1382. Balance a Binary Search Tree
Medium
Given the
root of a binary search tree, return a balanced binary search tree with the same node values. If there is more than one answer, return any of them.A binary search tree is balanced if the depth of the two subtrees of every node never differs by more than
1.Example 1:
Input: root = [1,null,2,null,3,null,4,null,null]

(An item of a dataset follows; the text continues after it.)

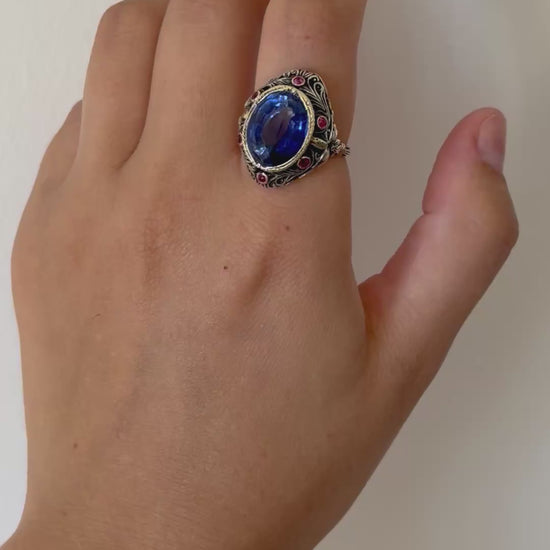 Antique Sapphire and Rubies Statement Ring in 18k Gold and Silver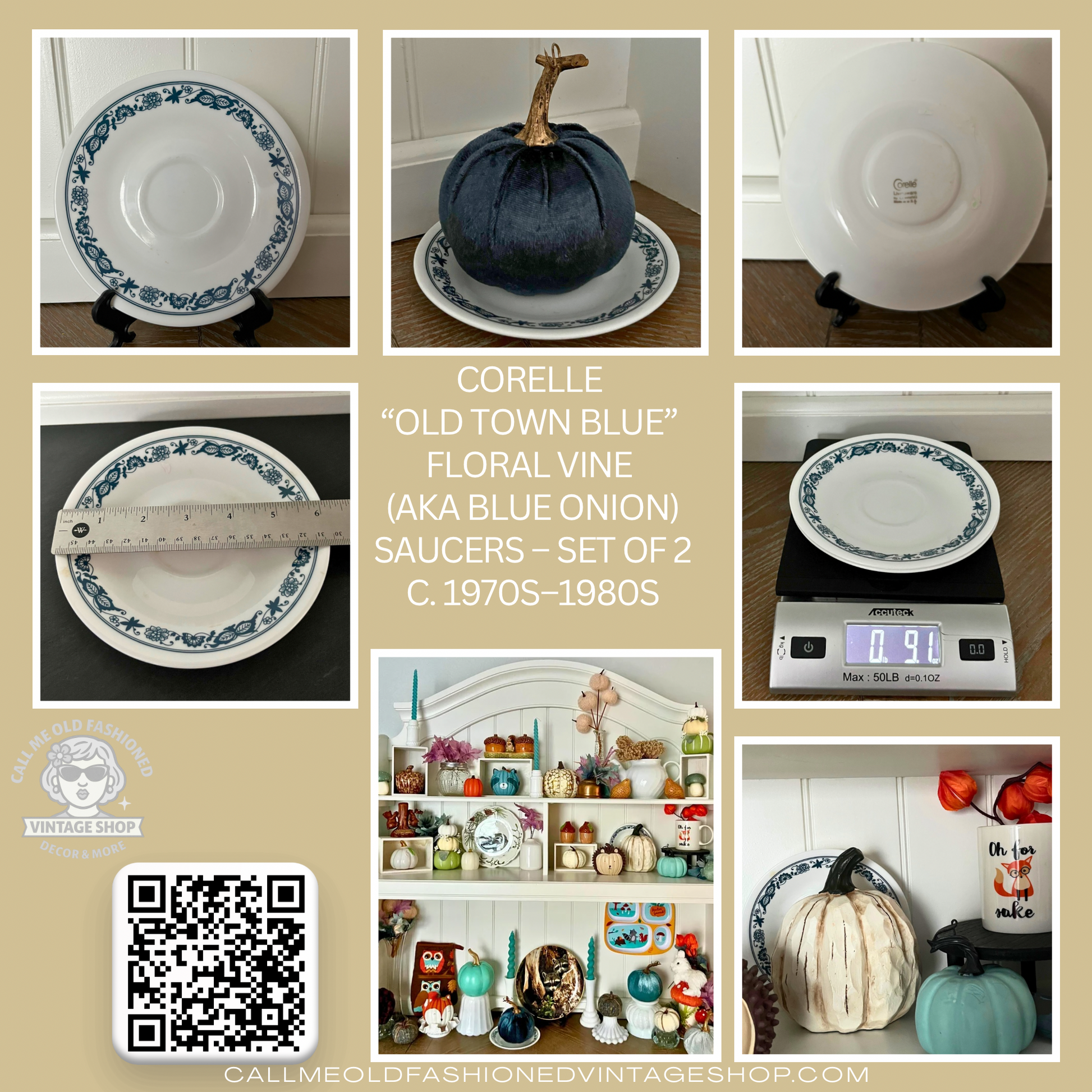 Corelle “Old Town Blue” Floral Vine )aka Blue Onion) Saucers – Set of 2 c. 1970s–1980s

Output: [2,1,3,null,null,null,4]
Explanation: This is not the only correct answer, [3,1,4,null,2] is also correct.
Example 2:
Input: root = [2,1,3]
Output: [2,1,3]
Constraints:
- The number of nodes in the tree is in the range
[1, 10^4]. 1 <= Node.val <= 10^5
/**
* Definition for a binary tree node.
* type TreeNode struct {
* Val int
* Left *TreeNode
* Right *TreeNode
* }
*/
func balanceBST(root *TreeNode) *TreeNode {
arr := make([]int, 0)
var helper func(*TreeNode)
helper = func(root *TreeNode) {
if root == nil { return }
arr = append(arr, root.Val)
helper(root.Left)
helper(root.Right)
}
helper(root) // 將樹變成陣列
sort.Ints(arr) // 由小至大進行排序
var combine func([]int) *TreeNode // 陣列左邊 = 比 mid 小,Left child
combine = func(arr []int) *TreeNode {
if len(arr) == 0 { return nil }
if len(arr) == 1 {
return &TreeNode{ Val: arr[0] }
}
mid := len(arr) / 2
left := combine(arr[:mid])
right := combine(arr[mid+1:])
return &TreeNode{
Val: arr[mid],
Left : left,
Right : right,
}
}
return combine(arr)
}